**What you should do**
Leave out the pictures and restate the rest of the data exactly.

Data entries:
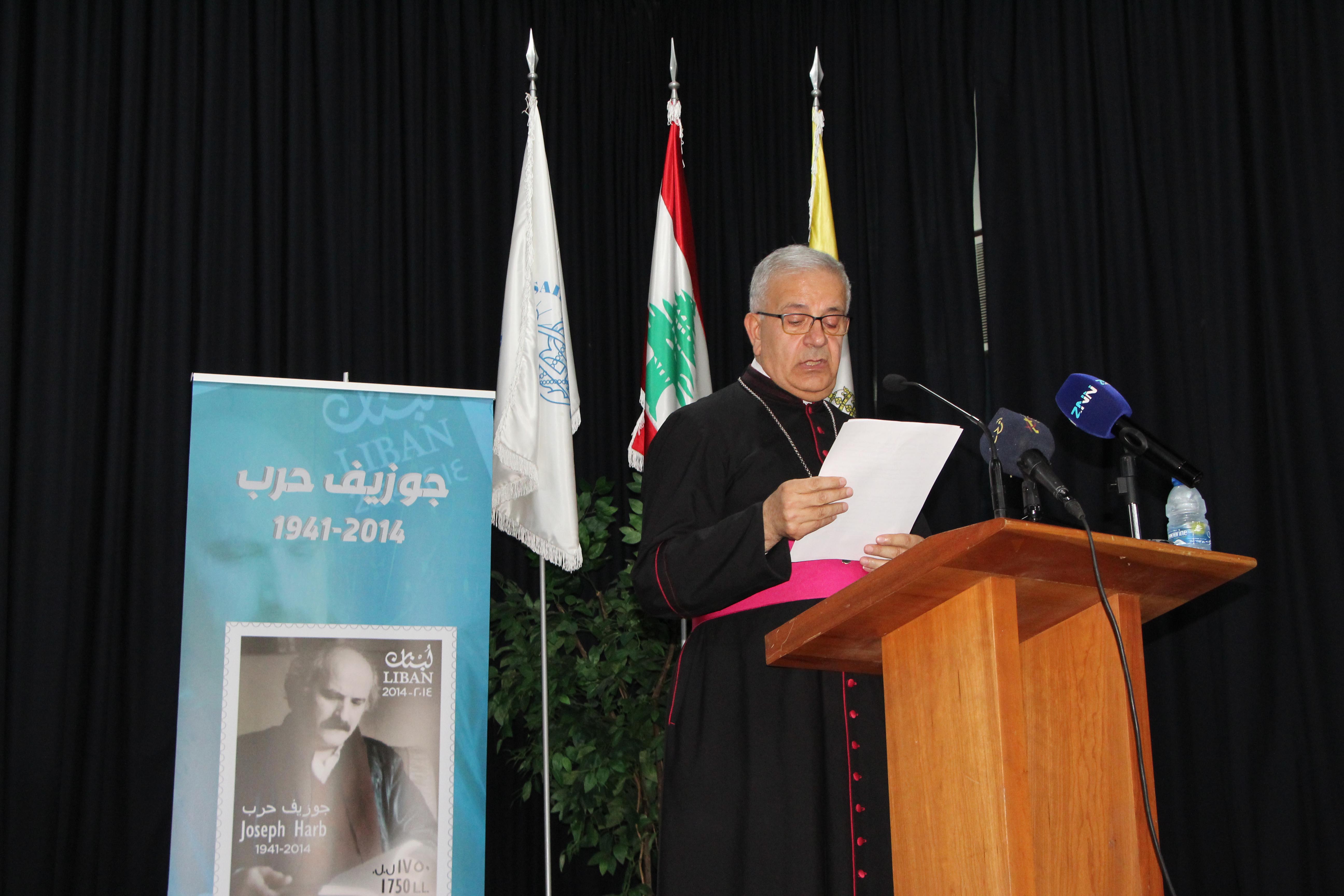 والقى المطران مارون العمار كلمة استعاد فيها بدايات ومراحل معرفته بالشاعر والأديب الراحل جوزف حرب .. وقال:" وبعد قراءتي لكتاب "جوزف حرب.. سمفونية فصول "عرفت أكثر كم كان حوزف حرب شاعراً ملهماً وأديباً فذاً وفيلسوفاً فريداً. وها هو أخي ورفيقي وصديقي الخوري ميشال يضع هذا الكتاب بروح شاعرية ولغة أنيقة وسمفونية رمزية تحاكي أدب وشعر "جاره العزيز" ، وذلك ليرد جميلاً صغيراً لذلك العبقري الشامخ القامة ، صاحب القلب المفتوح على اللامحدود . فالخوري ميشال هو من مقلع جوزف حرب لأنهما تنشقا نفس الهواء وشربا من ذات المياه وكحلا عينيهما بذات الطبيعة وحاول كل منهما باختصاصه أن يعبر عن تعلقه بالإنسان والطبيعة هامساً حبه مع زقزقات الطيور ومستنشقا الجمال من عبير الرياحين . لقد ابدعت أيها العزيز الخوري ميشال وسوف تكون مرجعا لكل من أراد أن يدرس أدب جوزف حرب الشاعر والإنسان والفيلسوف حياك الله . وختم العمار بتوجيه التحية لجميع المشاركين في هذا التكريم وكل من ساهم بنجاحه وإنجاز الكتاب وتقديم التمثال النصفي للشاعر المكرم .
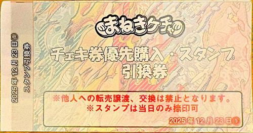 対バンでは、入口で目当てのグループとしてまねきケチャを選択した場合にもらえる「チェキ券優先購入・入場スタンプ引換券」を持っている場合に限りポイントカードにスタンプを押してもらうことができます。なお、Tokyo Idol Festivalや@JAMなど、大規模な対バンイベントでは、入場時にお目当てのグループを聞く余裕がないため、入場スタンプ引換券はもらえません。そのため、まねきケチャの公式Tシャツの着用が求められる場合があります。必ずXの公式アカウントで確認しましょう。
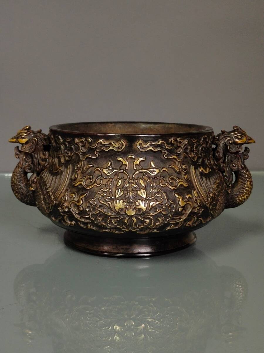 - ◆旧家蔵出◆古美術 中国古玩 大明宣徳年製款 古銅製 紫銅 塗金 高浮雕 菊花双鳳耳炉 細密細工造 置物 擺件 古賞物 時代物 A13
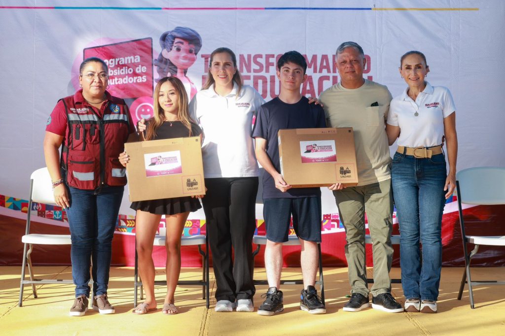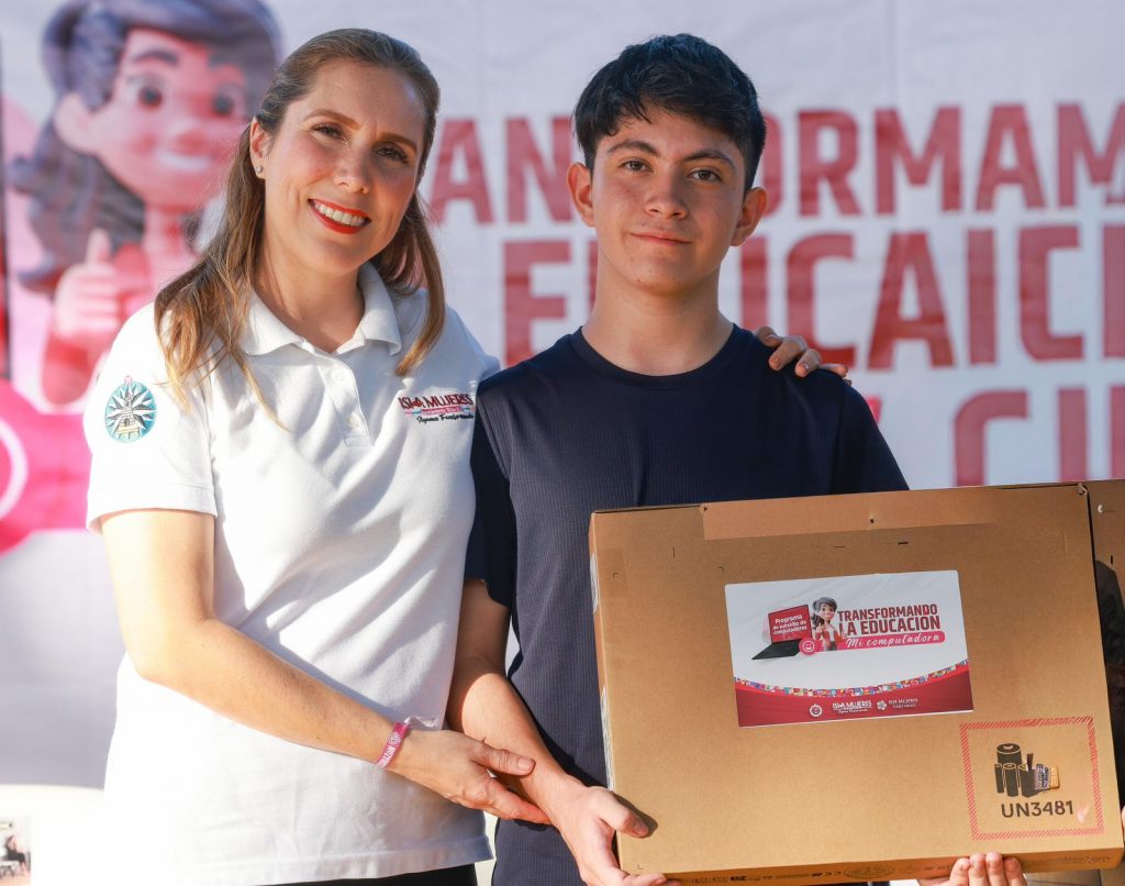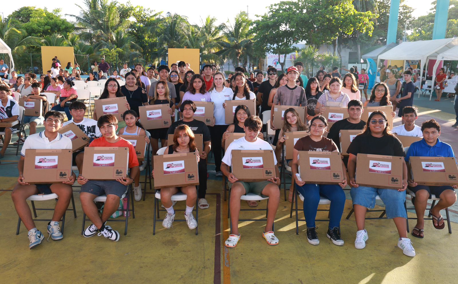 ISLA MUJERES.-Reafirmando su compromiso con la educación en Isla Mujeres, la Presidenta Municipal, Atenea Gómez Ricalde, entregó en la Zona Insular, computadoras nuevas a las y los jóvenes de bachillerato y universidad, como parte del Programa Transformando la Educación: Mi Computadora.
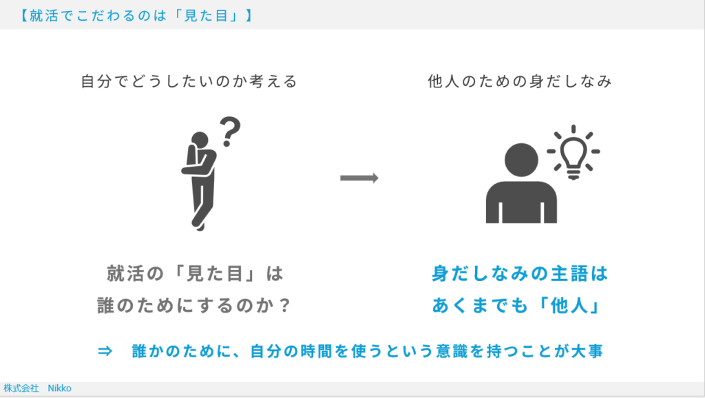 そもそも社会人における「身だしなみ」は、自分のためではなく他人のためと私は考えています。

**Solution below**
 والقى المطران مارون العمار كلمة استعاد فيها بدايات ومراحل معرفته بالشاعر والأديب الراحل جوزف حرب .. وقال:" وبعد قراءتي لكتاب "جوزف حرب.. سمفونية فصول "عرفت أكثر كم كان حوزف حرب شاعراً ملهماً وأديباً فذاً وفيلسوفاً فريداً. وها هو أخي ورفيقي وصديقي الخوري ميشال يضع هذا الكتاب بروح شاعرية ولغة أنيقة وسمفونية رمزية تحاكي أدب وشعر "جاره العزيز" ، وذلك ليرد جميلاً صغيراً لذلك العبقري الشامخ القامة ، صاحب القلب المفتوح على اللامحدود . فالخوري ميشال هو من مقلع جوزف حرب لأنهما تنشقا نفس الهواء وشربا من ذات المياه وكحلا عينيهما بذات الطبيعة وحاول كل منهما باختصاصه أن يعبر عن تعلقه بالإنسان والطبيعة هامساً حبه مع زقزقات الطيور ومستنشقا الجمال من عبير الرياحين . لقد ابدعت أيها العزيز الخوري ميشال وسوف تكون مرجعا لكل من أراد أن يدرس أدب جوزف حرب الشاعر والإنسان والفيلسوف حياك الله . وختم العمار بتوجيه التحية لجميع المشاركين في هذا التكريم وكل من ساهم بنجاحه وإنجاز الكتاب وتقديم التمثال النصفي للشاعر المكرم .
 対バンでは、入口で目当てのグループとしてまねきケチャを選択した場合にもらえる「チェキ券優先購入・入場スタンプ引換券」を持っている場合に限りポイントカードにスタンプを押してもらうことができます。なお、Tokyo Idol Festivalや@JAMなど、大規模な対バンイベントでは、入場時にお目当てのグループを聞く余裕がないため、入場スタンプ引換券はもらえません。そのため、まねきケチャの公式Tシャツの着用が求められる場合があります。必ずXの公式アカウントで確認しましょう。
 - ◆旧家蔵出◆古美術 中国古玩 大明宣徳年製款 古銅製 紫銅 塗金 高浮雕 菊花双鳳耳炉 細密細工造 置物 擺件 古賞物 時代物 A13
 ISLA MUJERES.-Reafirmando su compromiso con la educación en Isla Mujeres, la Presidenta Municipal, Atenea Gómez Ricalde, entregó en la Zona Insular, computadoras nuevas a las y los jóvenes de bachillerato y universidad, como parte del Programa Transformando la Educación: Mi Computadora.
 そもそも社会人における「身だしなみ」は、自分のためではなく他人のためと私は考えています。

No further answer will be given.